# [Exercise]
Look in the material below for the line holding "Далее переходим во". Set it down exactly, with each later line up to and including the line holding "En su reunión".

═════ Supplied records

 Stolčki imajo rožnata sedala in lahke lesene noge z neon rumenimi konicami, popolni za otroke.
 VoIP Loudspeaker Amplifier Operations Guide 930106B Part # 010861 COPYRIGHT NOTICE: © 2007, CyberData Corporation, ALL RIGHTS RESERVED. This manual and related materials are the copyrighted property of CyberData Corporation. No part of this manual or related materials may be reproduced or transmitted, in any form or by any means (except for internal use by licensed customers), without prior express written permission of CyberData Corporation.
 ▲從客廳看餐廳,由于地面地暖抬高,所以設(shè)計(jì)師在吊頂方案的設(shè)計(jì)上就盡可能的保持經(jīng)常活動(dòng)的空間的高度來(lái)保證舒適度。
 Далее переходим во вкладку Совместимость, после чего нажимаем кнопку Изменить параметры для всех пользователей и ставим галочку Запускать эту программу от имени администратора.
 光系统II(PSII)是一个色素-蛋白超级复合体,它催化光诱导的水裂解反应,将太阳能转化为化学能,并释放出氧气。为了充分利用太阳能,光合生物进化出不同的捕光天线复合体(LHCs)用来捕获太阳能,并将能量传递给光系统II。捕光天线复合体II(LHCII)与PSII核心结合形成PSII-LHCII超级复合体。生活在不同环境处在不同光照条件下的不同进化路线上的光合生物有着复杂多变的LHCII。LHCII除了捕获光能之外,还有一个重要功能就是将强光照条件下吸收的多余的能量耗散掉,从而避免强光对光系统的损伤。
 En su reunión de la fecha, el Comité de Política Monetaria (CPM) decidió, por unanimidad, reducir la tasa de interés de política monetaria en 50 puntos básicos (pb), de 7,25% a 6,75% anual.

══════════
═════ Supplied records

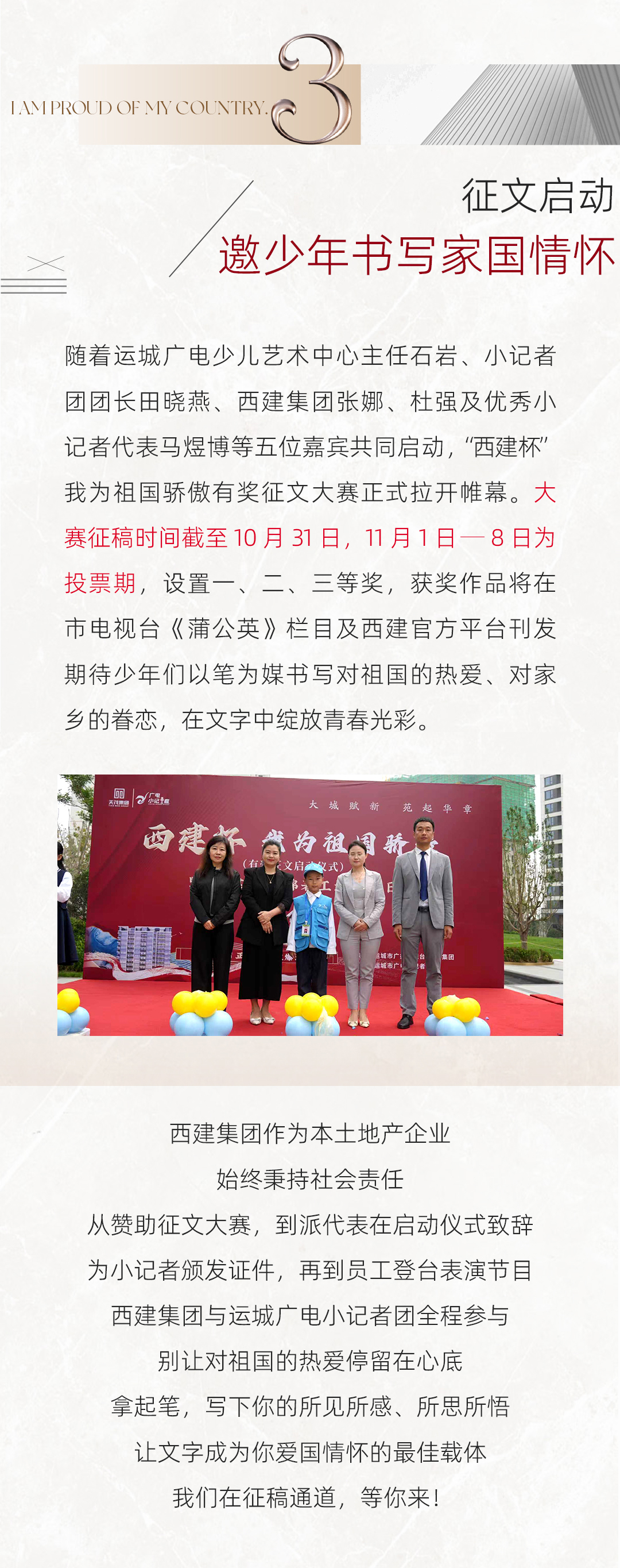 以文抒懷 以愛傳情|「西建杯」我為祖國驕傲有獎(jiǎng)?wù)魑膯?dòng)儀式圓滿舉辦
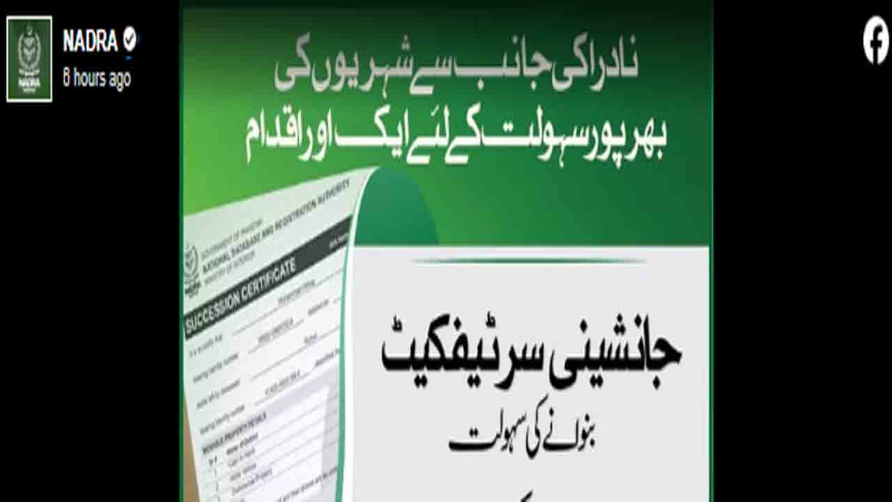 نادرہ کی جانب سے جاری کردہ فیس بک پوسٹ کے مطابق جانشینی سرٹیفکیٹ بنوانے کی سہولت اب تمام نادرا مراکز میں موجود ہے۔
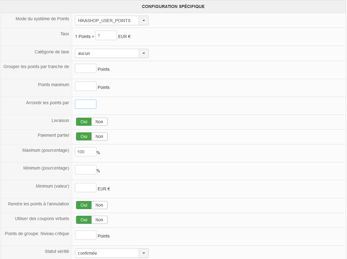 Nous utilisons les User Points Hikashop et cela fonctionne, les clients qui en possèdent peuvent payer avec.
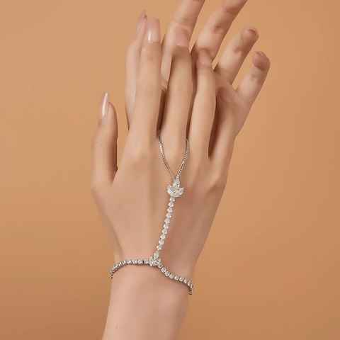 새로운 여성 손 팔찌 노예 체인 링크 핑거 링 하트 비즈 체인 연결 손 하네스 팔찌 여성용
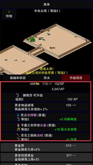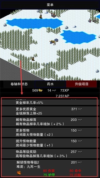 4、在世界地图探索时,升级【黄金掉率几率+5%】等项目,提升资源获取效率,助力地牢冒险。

══════════

# [Output of the exercise]
 Далее переходим во вкладку Совместимость, после чего нажимаем кнопку Изменить параметры для всех пользователей и ставим галочку Запускать эту программу от имени администратора.
 光系统II(PSII)是一个色素-蛋白超级复合体,它催化光诱导的水裂解反应,将太阳能转化为化学能,并释放出氧气。为了充分利用太阳能,光合生物进化出不同的捕光天线复合体(LHCs)用来捕获太阳能,并将能量传递给光系统II。捕光天线复合体II(LHCII)与PSII核心结合形成PSII-LHCII超级复合体。生活在不同环境处在不同光照条件下的不同进化路线上的光合生物有着复杂多变的LHCII。LHCII除了捕获光能之外,还有一个重要功能就是将强光照条件下吸收的多余的能量耗散掉,从而避免强光对光系统的损伤。
 En su reunión de la fecha, el Comité de Política Monetaria (CPM) decidió, por unanimidad, reducir la tasa de interés de política monetaria en 50 puntos básicos (pb), de 7,25% a 6,75% anual.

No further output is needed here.